START Dataset entries
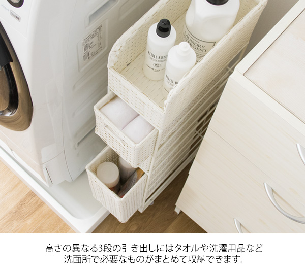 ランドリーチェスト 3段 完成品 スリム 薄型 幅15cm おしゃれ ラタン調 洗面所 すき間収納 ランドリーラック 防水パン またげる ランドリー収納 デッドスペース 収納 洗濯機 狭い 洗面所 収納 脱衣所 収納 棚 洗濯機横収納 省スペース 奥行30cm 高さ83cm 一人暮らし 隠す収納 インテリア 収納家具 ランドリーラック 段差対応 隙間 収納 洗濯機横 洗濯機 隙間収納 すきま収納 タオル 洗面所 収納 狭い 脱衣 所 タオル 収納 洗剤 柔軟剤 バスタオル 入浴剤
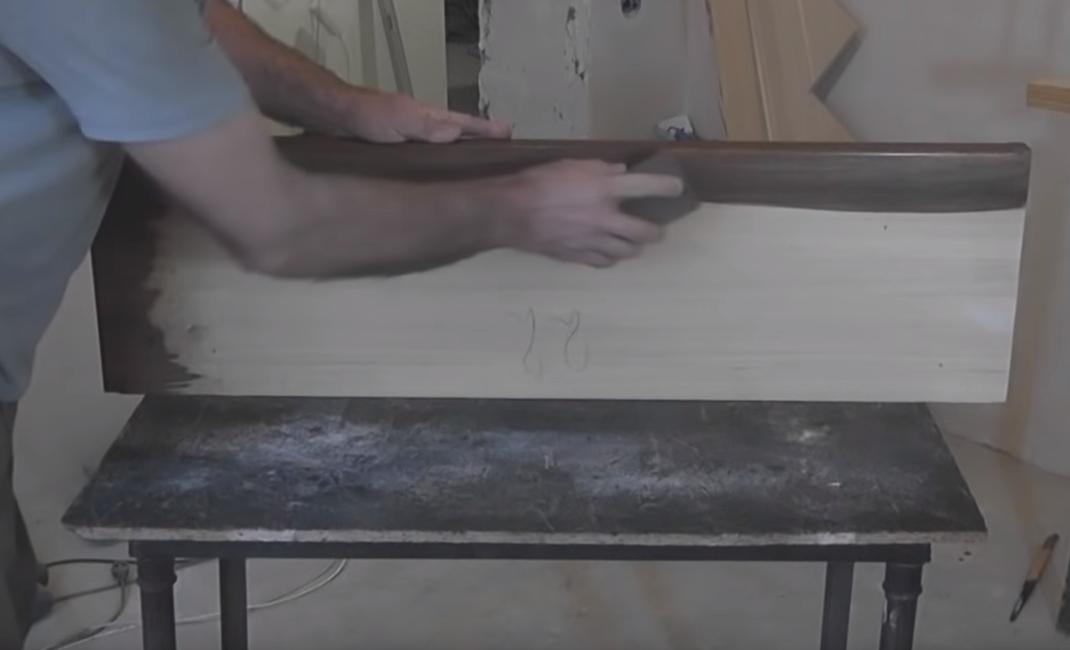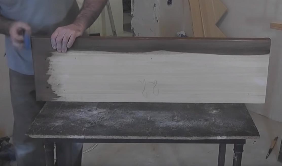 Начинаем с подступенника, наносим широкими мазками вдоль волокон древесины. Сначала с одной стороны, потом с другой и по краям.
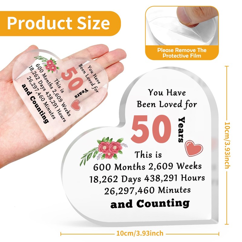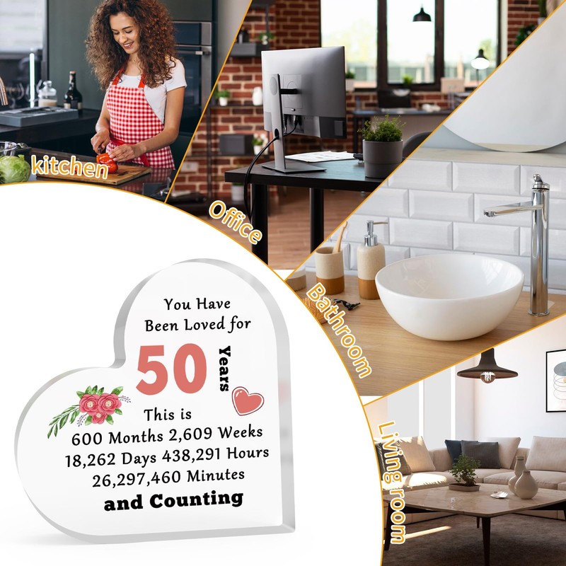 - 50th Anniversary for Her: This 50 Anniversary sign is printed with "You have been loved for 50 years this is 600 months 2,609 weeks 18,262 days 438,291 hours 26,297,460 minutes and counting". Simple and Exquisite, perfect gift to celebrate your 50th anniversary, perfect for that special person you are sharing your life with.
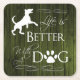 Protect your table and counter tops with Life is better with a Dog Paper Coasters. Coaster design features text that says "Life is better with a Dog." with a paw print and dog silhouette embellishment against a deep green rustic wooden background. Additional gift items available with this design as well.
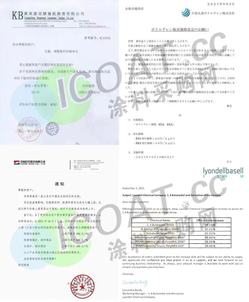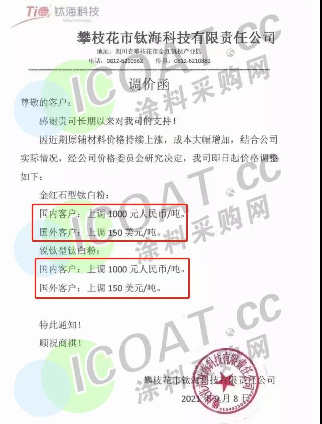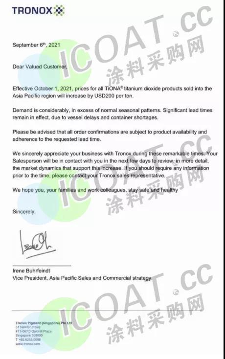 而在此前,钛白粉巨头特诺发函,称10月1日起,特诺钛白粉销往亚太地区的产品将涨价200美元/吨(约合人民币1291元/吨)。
END Dataset entries
- **What to produce**
When copying from the data above, begin at the line containing "- 50th Anniversary" and end at the line containing "Protect your table"; return those lines exactly and leave all pictures behind.

- **Expected output**
 - 50th Anniversary for Her: This 50 Anniversary sign is printed with "You have been loved for 50 years this is 600 months 2,609 weeks 18,262 days 438,291 hours 26,297,460 minutes and counting". Simple and Exquisite, perfect gift to celebrate your 50th anniversary, perfect for that special person you are sharing your life with.
 Protect your table and counter tops with Life is better with a Dog Paper Coasters. Coaster design features text that says "Life is better with a Dog." with a paw print and dog silhouette embellishment against a deep green rustic wooden background. Additional gift items available with this design as well.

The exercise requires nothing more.